** Task description **
Only one stretch of lines is wanted: the line with "Krabice rozbočovací HP" through the final line of the material. Restate it word for word, minus pictures.

** Supplied material **
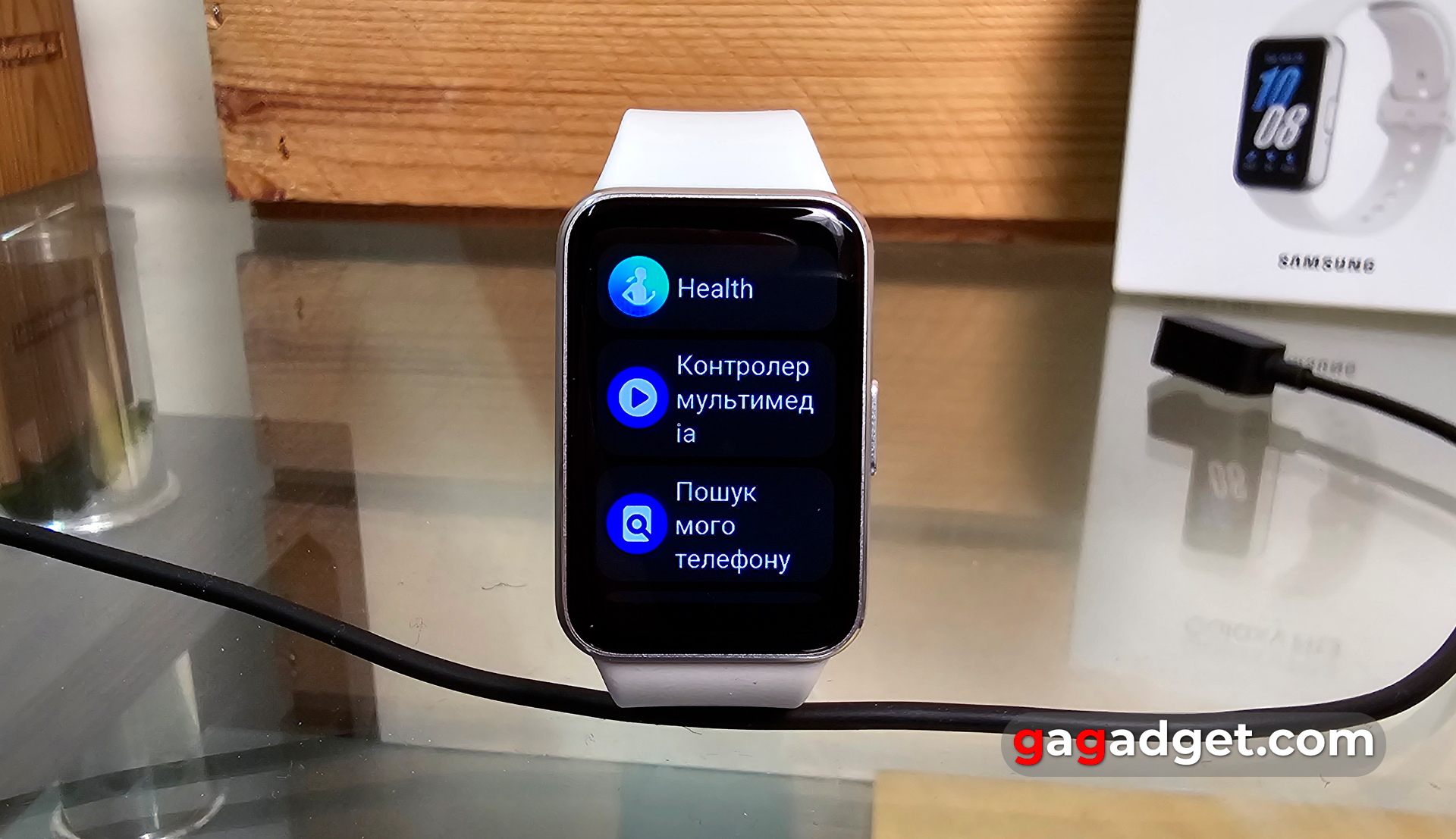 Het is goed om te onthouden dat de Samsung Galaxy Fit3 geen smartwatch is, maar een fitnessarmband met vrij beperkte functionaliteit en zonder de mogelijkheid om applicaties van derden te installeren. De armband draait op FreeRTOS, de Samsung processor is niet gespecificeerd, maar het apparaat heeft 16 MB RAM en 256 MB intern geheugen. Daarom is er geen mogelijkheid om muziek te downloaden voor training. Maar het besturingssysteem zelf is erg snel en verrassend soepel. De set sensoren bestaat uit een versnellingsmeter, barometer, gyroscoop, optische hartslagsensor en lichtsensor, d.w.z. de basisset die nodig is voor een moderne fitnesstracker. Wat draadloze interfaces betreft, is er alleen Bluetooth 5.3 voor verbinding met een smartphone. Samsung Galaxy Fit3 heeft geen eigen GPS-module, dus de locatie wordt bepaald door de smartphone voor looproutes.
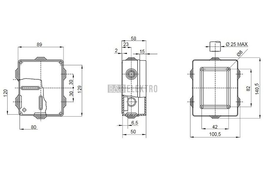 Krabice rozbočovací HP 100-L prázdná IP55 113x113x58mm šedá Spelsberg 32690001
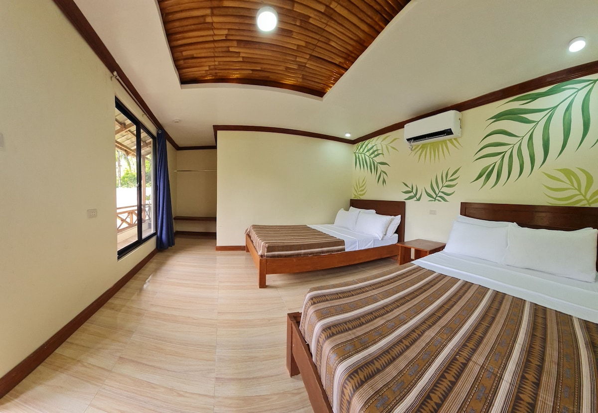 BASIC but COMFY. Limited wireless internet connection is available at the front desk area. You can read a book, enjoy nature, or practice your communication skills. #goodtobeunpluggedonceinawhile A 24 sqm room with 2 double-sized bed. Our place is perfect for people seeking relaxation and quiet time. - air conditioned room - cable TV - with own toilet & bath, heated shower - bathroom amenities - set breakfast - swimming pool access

** The answer **
 Krabice rozbočovací HP 100-L prázdná IP55 113x113x58mm šedá Spelsberg 32690001
 BASIC but COMFY. Limited wireless internet connection is available at the front desk area. You can read a book, enjoy nature, or practice your communication skills. #goodtobeunpluggedonceinawhile A 24 sqm room with 2 double-sized bed. Our place is perfect for people seeking relaxation and quiet time. - air conditioned room - cable TV - with own toilet & bath, heated shower - bathroom amenities - set breakfast - swimming pool access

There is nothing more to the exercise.